Stored data entries:
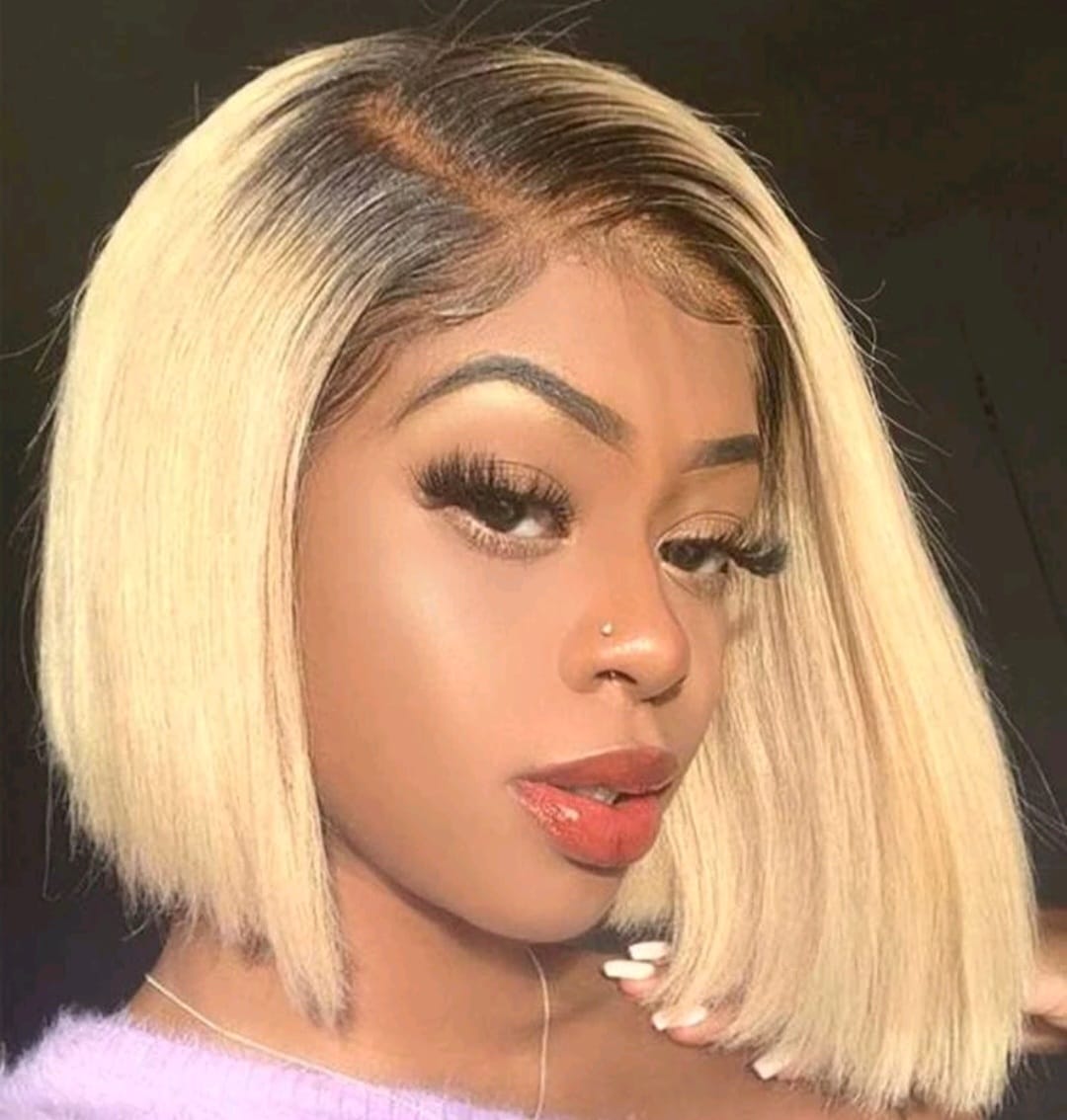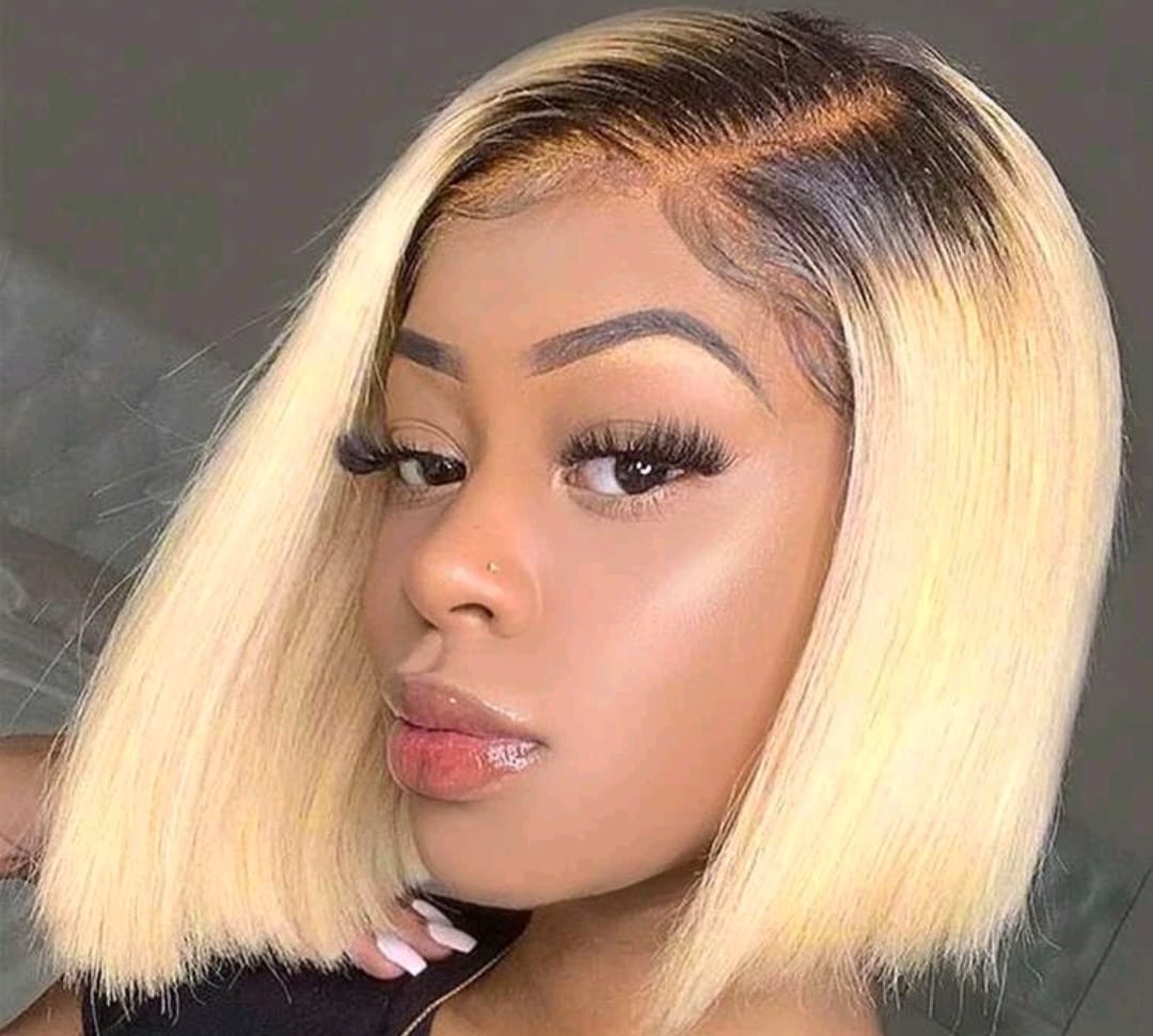 Transparent straight bob 13*4 frontal lace ombre honey blonde bob wig
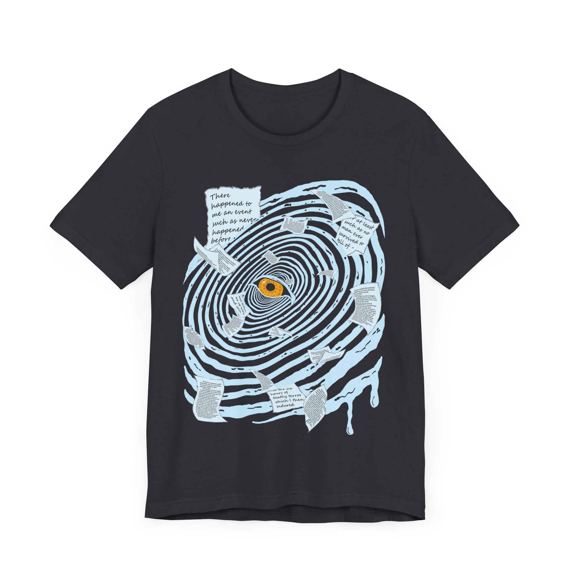You stand on the precipice, chaos whirls around you, is it all in your imagination? Share your dizzying world when you wear the Semantic Spiral T-shirt! Featuring an eye in the center of a vortex of thoughts and the phrase "There happened to me an event such as never happened before to mortal man-or at least such as no man ever survived to tell of-and the six hours of deadly terror which I then endured have broken me up body and soul." Inspired by A Descent into the Maelstrom by Edgar Allan Poe, this tangerine on icy blue design swirled from the musings of our in-house artists. Beware, the people around you might become lightheaded staring at your hypnotic garb.
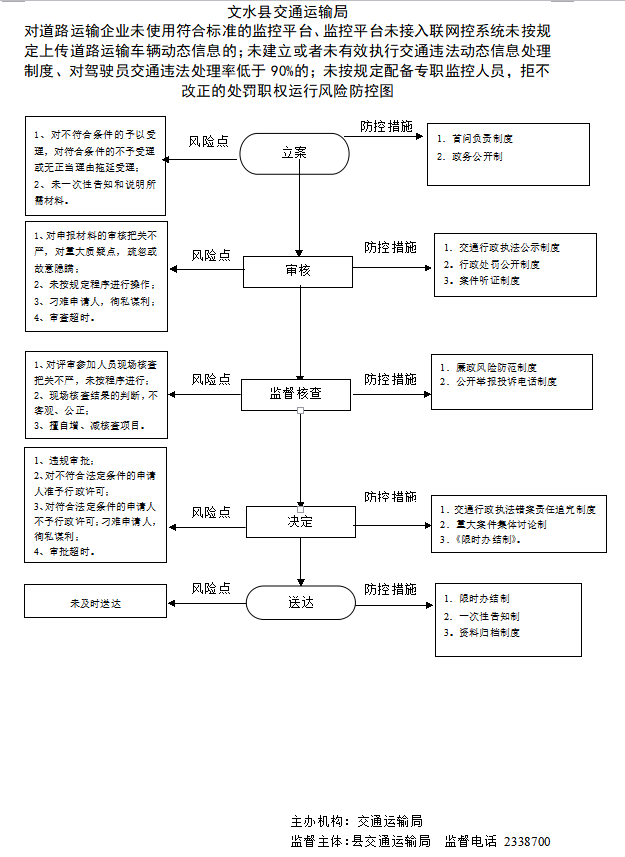 1、立案责任:公示应当提交的材料,一次性告知补正材料,依法受理或不予受理(不予受理应当告知理由)。 2、审查责任:对书面申请材料进行审查,提出审核意见,对竣工验收工程要组织现场检查验收。 3、决定责任;作出行政许可或者不予行政许可决定,竣工验收要做出结论,法定告知(不予许可的应当书面告知理由)。 4、送达责任:准予许可的制发送达许可证,按规定信息公开。 5、监管责任:建立实施监督检查的运行机制和管理制度,开展定期和不定期检查,依法采取相关处置措施。 6、其他法律法规规章文件规定应履行的责任。 |
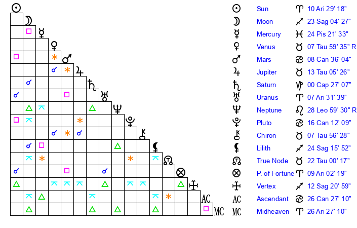 | Moon | 22 Sagittarius 55 | 12 Taurus 59 | 26 Gemini 39 |
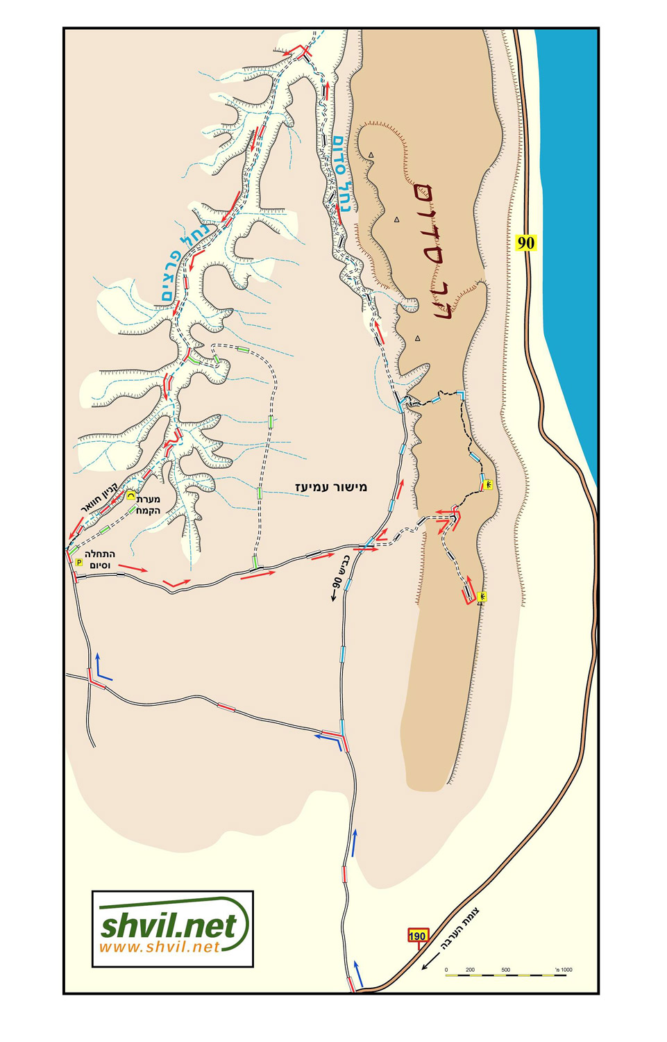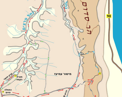 הערה: רוכבים המעוניינים להאריך את המסלול בעוד מספר קילומטרים ,יכולים להשאיר את הרכבים בחנייה של מפעלי ים המלח ולהתחיל משם את הטיול כשהם פונים תחילה אל השביל האדום על פי תאור הדרך הנ"ל.
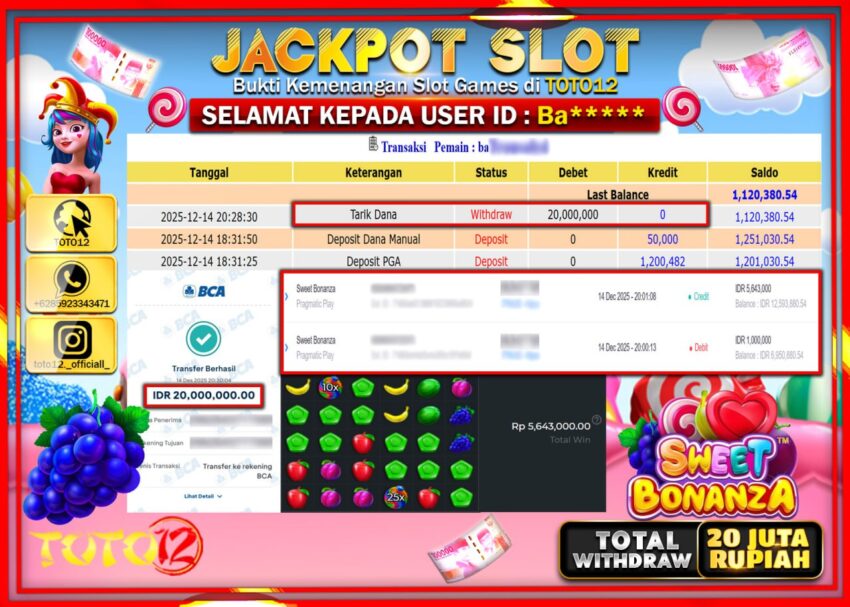 Selamat kepada Member Kami Ba****** Telah Jackpot dan berhasil mendapatkan kemenangan besar pada permainan JACKPOT SLOT GAME (SWEET BONANZA) Dengan Kemenangan Sebesar Rp.20.000.000 –.

# DESCRIPTION OF THE TASK
Where a line contains "Gemini 39 |", begin there and set down exactly each line through the end of the data above, omitting any pictures.

# TASK SOLUTION
 | Moon | 22 Sagittarius 55 | 12 Taurus 59 | 26 Gemini 39 |
 הערה: רוכבים המעוניינים להאריך את המסלול בעוד מספר קילומטרים ,יכולים להשאיר את הרכבים בחנייה של מפעלי ים המלח ולהתחיל משם את הטיול כשהם פונים תחילה אל השביל האדום על פי תאור הדרך הנ"ל.
 Selamat kepada Member Kami Ba****** Telah Jackpot dan berhasil mendapatkan kemenangan besar pada permainan JACKPOT SLOT GAME (SWEET BONANZA) Dengan Kemenangan Sebesar Rp.20.000.000 –.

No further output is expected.